Таким образом, этим способом немного возьмешь её. Но малодобычливость её в зависимости ещё и от крепости её на рану. Не раз случалось мне выбивать из гурта высоким выстрелом одну-другую. С размаху падает она о твёрдую землю или камень и, моментально оправившись, убегает как ни в чем не бывало, если целы ноги; в других случаях бывает и так, что после удачного дуплета, пока поднимаешь одну — другой как не бывало. Поэтому на неё ружьё должно иметь дальнобойное и садкое, а дробь, если можно, английскую и не выше пятого номера русского счёта; мы же здесь стреляем какой-то мерзостью, в виде чечевицы, никуда не годною для стрельбы и быстро свинцующею стволы, платя за неё своим «Карапетам» по 12 копеек за фунт. Затем, необходима вежливая собака: догонять и подбирать подранков.
Ходьба за курочкой — убойная ходьба. Непривычный или некрепкий лёгкими лучше не суйся. Главная условия: сильные ноги, крепкие лёгкие и навык. Только при них, при этих условиях, можно одолевать высоту за высотой и быть с добычей. Голова играет здесь немаловажную роль: с головой, не выносящей крутизны, ходить не везде можно. Наконец, обувь занимает здесь чуть ли не первое место. Так, например, в обыкновенных сапогах, кожаных башмаках, а тем паче поршнях — не ходи вовсе, если не желаешь разбиться в дребезги или изломать ружье, сорвавшись с камня, осыпи или крутизны. Я, да и многие здешние охотники, носим в горах персидские башмаки. Они немного глубже обыкновенных, сделаны из белой бумажной плотной материи, на довольно толстых подошвах. Вся суть в подошвах.

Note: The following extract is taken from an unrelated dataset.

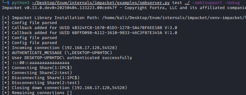 Note: This SMB connection could also be leveraged in a pass-back and NTLMv2 relay attack, as well as offline NTLMv2 hash cracking of the service account running the Unified PAM application.
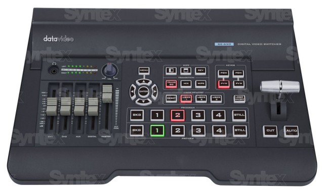 Datavideo SE-650 je miniaturní, profesionální HD režie s vynikajícím poměrem cena/výkon a s dvojicí HD-SDI a stejným počtem HDMI vstupů, dvěma HDMI výstupy a jedním HD-SDI výstupem. Zobrazený monitor není součástí dodávky.

Подошва в этих башмаках в палец толщиною и складывается пластина на пластину из стелек или полувала, вперемежку тоже с тою же, как и верхи, материей. Сквозь нижнюю пластину, на сей раз плотного полувала, густо один к другому вытянуты концы толстого шпагата, ровно и низко подстриженного, так что низ подошвы, что к почве, имеет вид рашпиля или тёрки, что придаёт ноге необыкновенную устойчивость на самых скользких местах, так, например, каменных плитах и прочее. Толщина подошвы ничуть не придает башмаку тяжести; нога не чувствует под нею ни острых камней, ни сучьев, ни колючек и, по выражению Флегонта Михайловича, «ровно как на печке». Они легки: за целый день в них устали не знаешь, и годятся только в сухом месте. Цена им здесь 1 р. 20 к. пара. Хорошие вынашивают лето, иные и всю длинную осень. При них я надеваю толстый шерстяной чулок, так мягче и легче ноге. Туристам, путешествующим по горам, я очень рекомендую как эти башмаки, так равно и палку из ствола, растущего здесь в горах, на солнопеках, растения assa-feticla; при толщине в вершок в диаметре и при полутора аршинной длине, тяжесть такой палки около 15 золотников; она крепка и не гнётся; удобнее посоха и искать нечего.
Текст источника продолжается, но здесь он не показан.